Tuesday Link Dump

No teaching today, so it's time to catch up - there are quizzes to grade and solutions to a problem set to type up for the students. I post the worked out solutions to my problem sets on the web after the problem set has been collected so students see where they went astray in the assignment (and it saves time in class - they can see digest the solutions on their own time rather than me having to blow a whole class period working through them).

And last but not least, I have RESEARCH to do. I've got a paper to carve up and rewrite. The initial draft of the paper was written by my colleagues -- a very good theorist, and a very young but promising empiricist. But the other two "ain't from around these parts". So, since I'm the only one who speaks (and writes) English as a first language, I get to be the writer/editor. Luckily, I like editing.

It's even more interesting, since our study extends some seminal work by someone who's likely to be the referee. So I have to be vewwy, vewwy careful to be complimentary of his contributions (after all, while I'm not hunting Wabbits, I AM hunting publications).
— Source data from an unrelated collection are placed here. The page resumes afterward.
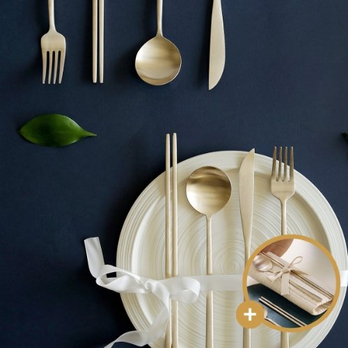 [비밀특가]놋담 방짜유기 달 커트러리 2인 풀세트 10P+누빔 수저집 증정
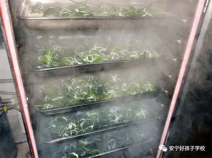 上午9時,在莊嚴的升旗儀式后,師生們開始熱火朝天地包起了粽子。
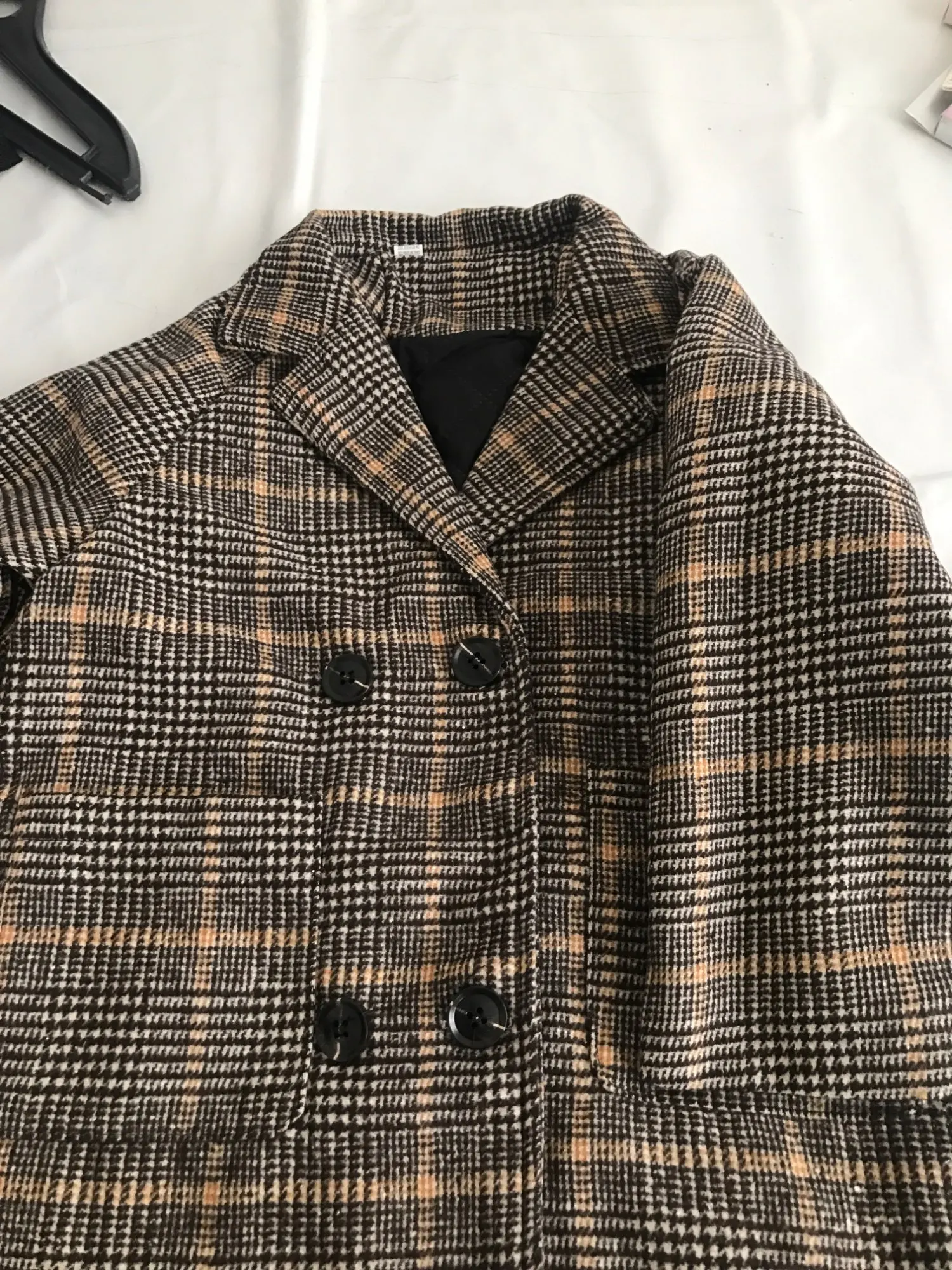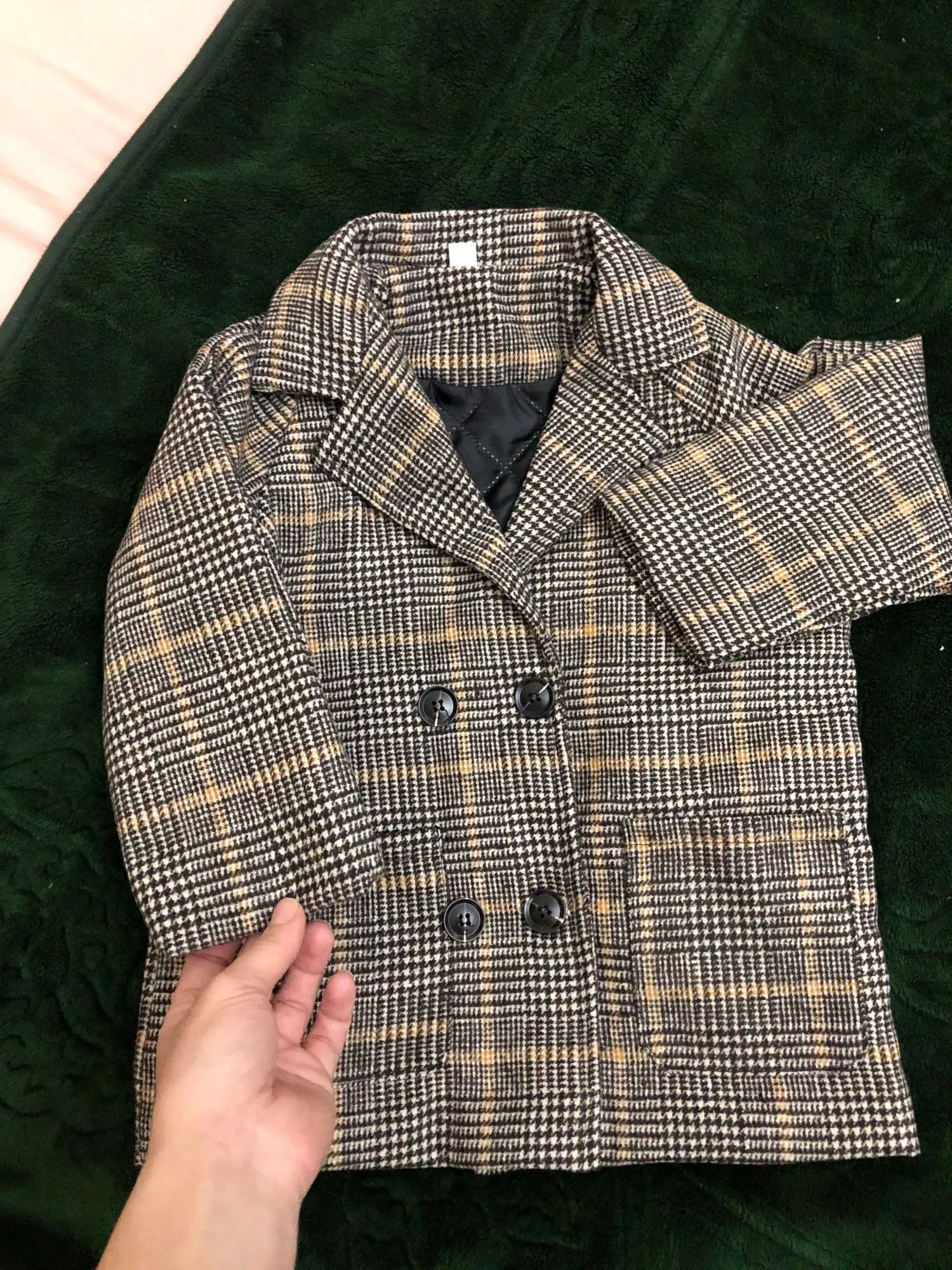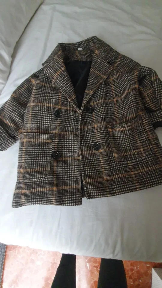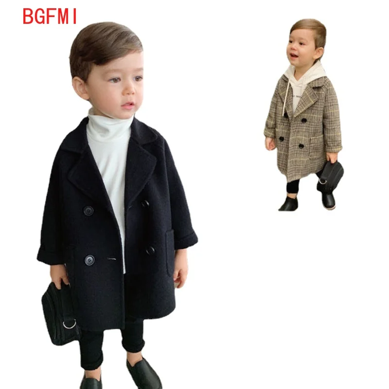 Куртка для мальчиков и девочек, шерстяная двубортная куртка в клетку с отворотом, Осень-зима, шерстяное пальто верхняя одежда

Ah well, that's what Chapstick is for.

So, here are some links to keep you busy while I try to be productive:
Stockpickr has a list of the Top 100 Business Blogs (and no, FR isn't on it - sniff!).

CFO.com discusses some issues related to spreadsheet security.

What should you call the payouts an executive receives following a merger? Footnoted.org has some examples from recent mergers.

Banks are talking about developing "Death derivatives". If they can get the right data, it could potentially provide pension funds another tool for hedging mortality risk.

Finally, for the "inside baseball" post of the day, it looks like discrimination in higher education is still around. But now it's against Asian American Students. After all, it wouldn't be fair to make admissions decisions strictly based on merits now, would it?
Back to work -- I don't have tenure yet!